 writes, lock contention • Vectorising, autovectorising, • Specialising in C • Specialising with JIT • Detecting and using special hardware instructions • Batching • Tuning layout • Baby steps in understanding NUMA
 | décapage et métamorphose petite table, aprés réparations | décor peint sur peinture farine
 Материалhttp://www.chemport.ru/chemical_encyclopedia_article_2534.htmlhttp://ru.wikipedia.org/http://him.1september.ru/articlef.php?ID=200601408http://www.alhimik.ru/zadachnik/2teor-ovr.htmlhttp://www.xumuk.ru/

##########

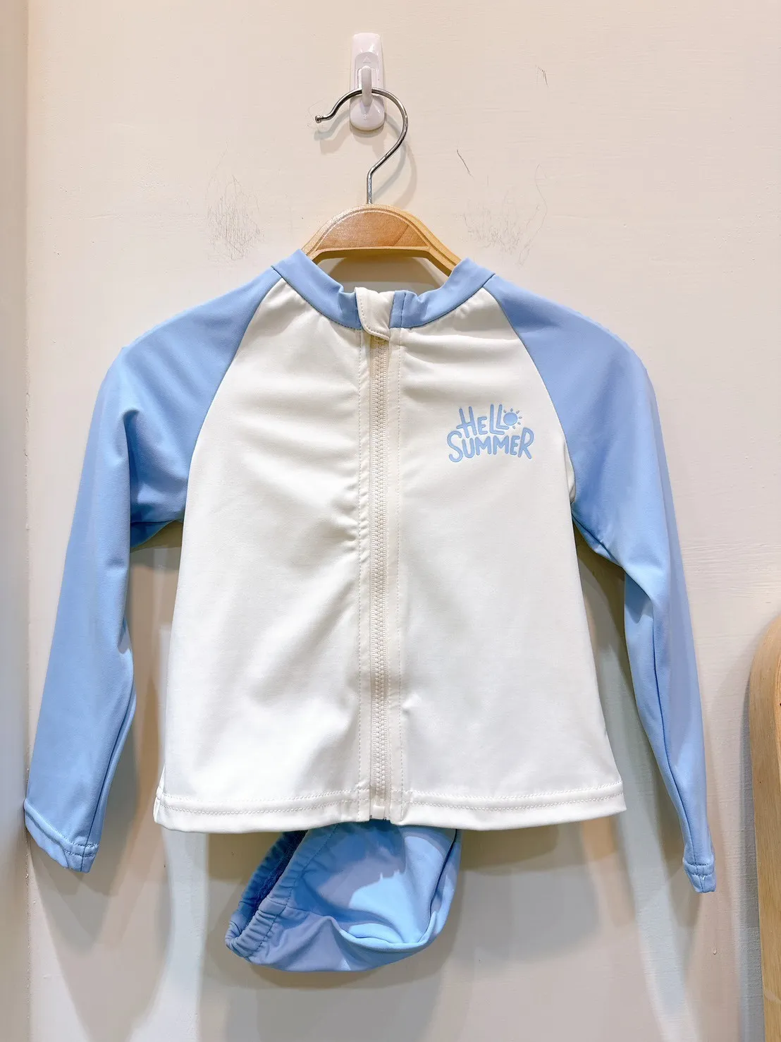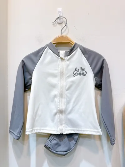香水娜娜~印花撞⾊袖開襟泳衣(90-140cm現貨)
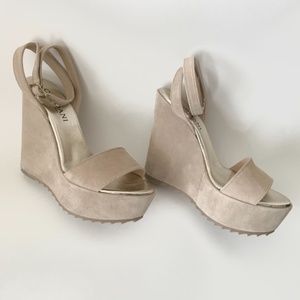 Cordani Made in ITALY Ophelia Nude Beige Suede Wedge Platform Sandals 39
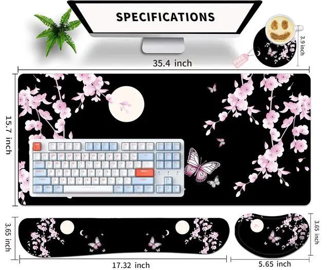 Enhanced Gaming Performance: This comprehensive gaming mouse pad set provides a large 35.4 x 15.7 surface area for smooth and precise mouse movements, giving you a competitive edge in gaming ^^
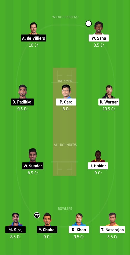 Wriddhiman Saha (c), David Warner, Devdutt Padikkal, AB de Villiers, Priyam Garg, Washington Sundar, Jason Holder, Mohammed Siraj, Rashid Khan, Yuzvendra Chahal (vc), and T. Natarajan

##########

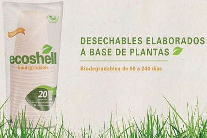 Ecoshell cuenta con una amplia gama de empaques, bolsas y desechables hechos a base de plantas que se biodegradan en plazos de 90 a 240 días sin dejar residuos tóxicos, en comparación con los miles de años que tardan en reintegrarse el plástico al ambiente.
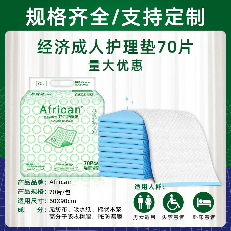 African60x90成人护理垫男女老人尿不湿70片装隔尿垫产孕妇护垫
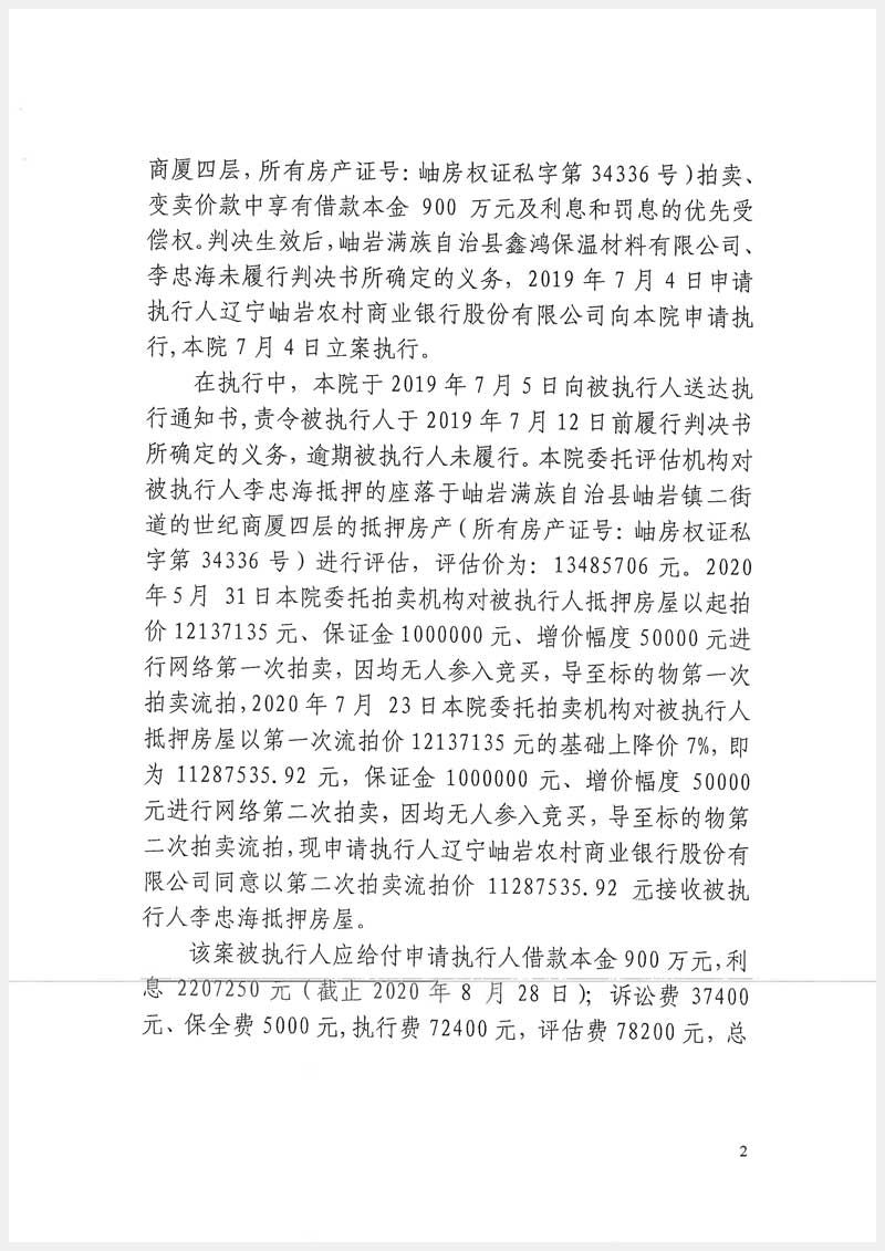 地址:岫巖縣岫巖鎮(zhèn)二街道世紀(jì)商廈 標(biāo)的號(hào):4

##########

(TASK INSTRUCTIONS): Using the data above, reproduce exactly the lines between those holding "writes, lock contention" and "Материалhttp:/", inclusive, and no others.

(RESPONSE):
 writes, lock contention • Vectorising, autovectorising, • Specialising in C • Specialising with JIT • Detecting and using special hardware instructions • Batching • Tuning layout • Baby steps in understanding NUMA
 | décapage et métamorphose petite table, aprés réparations | décor peint sur peinture farine
 Материалhttp://www.chemport.ru/chemical_encyclopedia_article_2534.htmlhttp://ru.wikipedia.org/http://him.1september.ru/articlef.php?ID=200601408http://www.alhimik.ru/zadachnik/2teor-ovr.htmlhttp://www.xumuk.ru/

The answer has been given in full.